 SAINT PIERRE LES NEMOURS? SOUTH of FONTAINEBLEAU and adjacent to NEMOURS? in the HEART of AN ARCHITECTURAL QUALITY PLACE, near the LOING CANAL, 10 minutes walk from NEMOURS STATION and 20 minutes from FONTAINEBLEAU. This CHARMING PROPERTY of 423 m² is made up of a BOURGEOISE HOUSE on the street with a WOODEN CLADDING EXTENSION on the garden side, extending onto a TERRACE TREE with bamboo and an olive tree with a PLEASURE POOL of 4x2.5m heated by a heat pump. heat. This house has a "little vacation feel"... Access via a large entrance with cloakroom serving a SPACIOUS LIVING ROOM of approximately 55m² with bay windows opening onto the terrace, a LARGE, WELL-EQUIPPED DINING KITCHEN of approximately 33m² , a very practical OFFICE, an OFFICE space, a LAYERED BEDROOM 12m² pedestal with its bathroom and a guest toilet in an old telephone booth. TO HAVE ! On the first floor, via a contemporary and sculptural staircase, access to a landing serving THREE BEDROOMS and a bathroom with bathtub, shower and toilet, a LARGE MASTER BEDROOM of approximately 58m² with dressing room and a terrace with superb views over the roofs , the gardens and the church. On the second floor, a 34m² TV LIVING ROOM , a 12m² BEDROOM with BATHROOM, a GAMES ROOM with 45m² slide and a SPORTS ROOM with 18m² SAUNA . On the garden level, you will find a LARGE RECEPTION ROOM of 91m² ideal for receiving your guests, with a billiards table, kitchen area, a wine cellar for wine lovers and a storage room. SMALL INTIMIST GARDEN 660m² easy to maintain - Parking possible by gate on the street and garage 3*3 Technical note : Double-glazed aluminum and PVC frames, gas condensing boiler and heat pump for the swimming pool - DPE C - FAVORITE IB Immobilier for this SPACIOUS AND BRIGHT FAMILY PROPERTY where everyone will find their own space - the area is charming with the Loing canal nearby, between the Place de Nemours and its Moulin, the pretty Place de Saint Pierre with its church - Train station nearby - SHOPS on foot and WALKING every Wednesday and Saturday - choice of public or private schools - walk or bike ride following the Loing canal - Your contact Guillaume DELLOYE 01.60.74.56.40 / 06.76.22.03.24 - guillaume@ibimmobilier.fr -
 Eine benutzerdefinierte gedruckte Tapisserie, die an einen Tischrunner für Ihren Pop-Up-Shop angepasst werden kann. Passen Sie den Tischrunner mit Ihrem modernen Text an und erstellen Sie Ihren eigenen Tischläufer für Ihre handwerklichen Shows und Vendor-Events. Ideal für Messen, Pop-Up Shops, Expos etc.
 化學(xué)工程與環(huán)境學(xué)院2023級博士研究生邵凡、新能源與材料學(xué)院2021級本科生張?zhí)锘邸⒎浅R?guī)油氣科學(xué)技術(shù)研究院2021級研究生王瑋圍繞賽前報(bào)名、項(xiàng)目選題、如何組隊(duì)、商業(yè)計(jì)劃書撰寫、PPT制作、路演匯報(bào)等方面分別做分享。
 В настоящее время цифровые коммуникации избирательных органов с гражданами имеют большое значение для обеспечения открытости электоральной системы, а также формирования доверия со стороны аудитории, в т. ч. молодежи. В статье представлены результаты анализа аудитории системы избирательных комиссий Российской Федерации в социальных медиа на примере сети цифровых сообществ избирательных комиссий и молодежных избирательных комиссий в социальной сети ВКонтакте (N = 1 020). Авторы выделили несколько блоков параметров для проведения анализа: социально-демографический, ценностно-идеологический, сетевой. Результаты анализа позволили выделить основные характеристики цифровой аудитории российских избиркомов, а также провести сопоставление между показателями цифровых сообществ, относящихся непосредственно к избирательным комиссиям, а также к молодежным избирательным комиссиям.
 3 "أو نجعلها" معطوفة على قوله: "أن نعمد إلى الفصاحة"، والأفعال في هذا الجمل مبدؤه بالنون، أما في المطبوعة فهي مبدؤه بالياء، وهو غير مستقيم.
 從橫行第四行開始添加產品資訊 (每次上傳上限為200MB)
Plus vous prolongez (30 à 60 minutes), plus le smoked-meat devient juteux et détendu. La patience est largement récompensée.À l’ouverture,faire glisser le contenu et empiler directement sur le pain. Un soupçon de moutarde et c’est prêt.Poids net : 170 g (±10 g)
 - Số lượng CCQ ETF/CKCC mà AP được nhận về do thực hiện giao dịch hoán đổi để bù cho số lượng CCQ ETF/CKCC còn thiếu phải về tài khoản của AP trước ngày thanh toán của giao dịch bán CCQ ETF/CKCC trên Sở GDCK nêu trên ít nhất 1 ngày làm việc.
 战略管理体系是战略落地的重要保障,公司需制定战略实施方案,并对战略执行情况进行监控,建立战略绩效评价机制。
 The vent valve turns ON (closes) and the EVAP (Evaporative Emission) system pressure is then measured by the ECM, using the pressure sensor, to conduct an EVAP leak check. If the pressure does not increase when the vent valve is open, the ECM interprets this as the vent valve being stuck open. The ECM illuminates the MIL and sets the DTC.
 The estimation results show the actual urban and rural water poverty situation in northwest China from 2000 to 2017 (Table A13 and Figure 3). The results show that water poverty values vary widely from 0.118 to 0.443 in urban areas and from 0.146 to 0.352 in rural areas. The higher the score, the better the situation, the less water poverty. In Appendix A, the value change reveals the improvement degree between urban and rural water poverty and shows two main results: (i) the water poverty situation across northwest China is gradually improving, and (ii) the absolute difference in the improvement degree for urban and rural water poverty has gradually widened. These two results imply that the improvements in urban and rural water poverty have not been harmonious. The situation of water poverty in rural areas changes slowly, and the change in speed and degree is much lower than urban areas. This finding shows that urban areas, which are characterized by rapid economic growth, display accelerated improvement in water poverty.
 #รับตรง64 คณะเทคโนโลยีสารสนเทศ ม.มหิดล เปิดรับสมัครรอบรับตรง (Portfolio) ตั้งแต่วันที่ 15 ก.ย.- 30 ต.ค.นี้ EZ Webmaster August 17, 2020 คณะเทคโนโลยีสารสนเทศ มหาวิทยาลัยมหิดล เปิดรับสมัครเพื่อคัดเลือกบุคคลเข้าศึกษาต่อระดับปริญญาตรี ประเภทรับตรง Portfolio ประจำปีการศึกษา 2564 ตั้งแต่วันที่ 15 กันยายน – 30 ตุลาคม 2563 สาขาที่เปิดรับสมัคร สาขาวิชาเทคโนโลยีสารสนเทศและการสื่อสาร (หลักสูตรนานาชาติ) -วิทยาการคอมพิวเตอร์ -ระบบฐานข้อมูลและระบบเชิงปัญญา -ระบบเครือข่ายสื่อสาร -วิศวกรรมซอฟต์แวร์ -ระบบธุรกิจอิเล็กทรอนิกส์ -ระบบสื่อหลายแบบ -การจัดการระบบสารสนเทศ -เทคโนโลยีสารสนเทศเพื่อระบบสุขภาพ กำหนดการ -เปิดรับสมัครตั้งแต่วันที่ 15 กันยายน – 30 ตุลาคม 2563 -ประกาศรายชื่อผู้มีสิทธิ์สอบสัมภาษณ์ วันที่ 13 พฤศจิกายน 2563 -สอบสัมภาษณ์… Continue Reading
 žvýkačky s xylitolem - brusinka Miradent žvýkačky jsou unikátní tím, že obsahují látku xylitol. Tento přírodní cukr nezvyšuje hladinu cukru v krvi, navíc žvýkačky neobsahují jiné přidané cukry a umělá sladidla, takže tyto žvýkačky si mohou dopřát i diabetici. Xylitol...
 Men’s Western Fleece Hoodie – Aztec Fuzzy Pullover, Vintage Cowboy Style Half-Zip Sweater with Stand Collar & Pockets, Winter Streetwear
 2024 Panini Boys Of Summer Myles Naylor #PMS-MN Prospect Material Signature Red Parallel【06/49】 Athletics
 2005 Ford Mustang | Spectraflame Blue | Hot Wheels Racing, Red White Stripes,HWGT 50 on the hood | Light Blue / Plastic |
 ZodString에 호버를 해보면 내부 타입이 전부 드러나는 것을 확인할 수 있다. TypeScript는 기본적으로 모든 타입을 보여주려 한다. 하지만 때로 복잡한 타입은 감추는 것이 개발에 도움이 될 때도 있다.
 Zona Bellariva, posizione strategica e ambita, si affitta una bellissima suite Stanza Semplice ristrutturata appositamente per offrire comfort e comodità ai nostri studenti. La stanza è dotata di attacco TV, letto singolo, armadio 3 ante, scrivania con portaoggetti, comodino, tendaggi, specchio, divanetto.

### Required work
Exactly the lines above from the one with "Men’s Western Fleece" to the one with "2005 Ford Mustang", both included, are to be quoted; leave the rest out.

### Response
 Men’s Western Fleece Hoodie – Aztec Fuzzy Pullover, Vintage Cowboy Style Half-Zip Sweater with Stand Collar & Pockets, Winter Streetwear
 2024 Panini Boys Of Summer Myles Naylor #PMS-MN Prospect Material Signature Red Parallel【06/49】 Athletics
 2005 Ford Mustang | Spectraflame Blue | Hot Wheels Racing, Red White Stripes,HWGT 50 on the hood | Light Blue / Plastic |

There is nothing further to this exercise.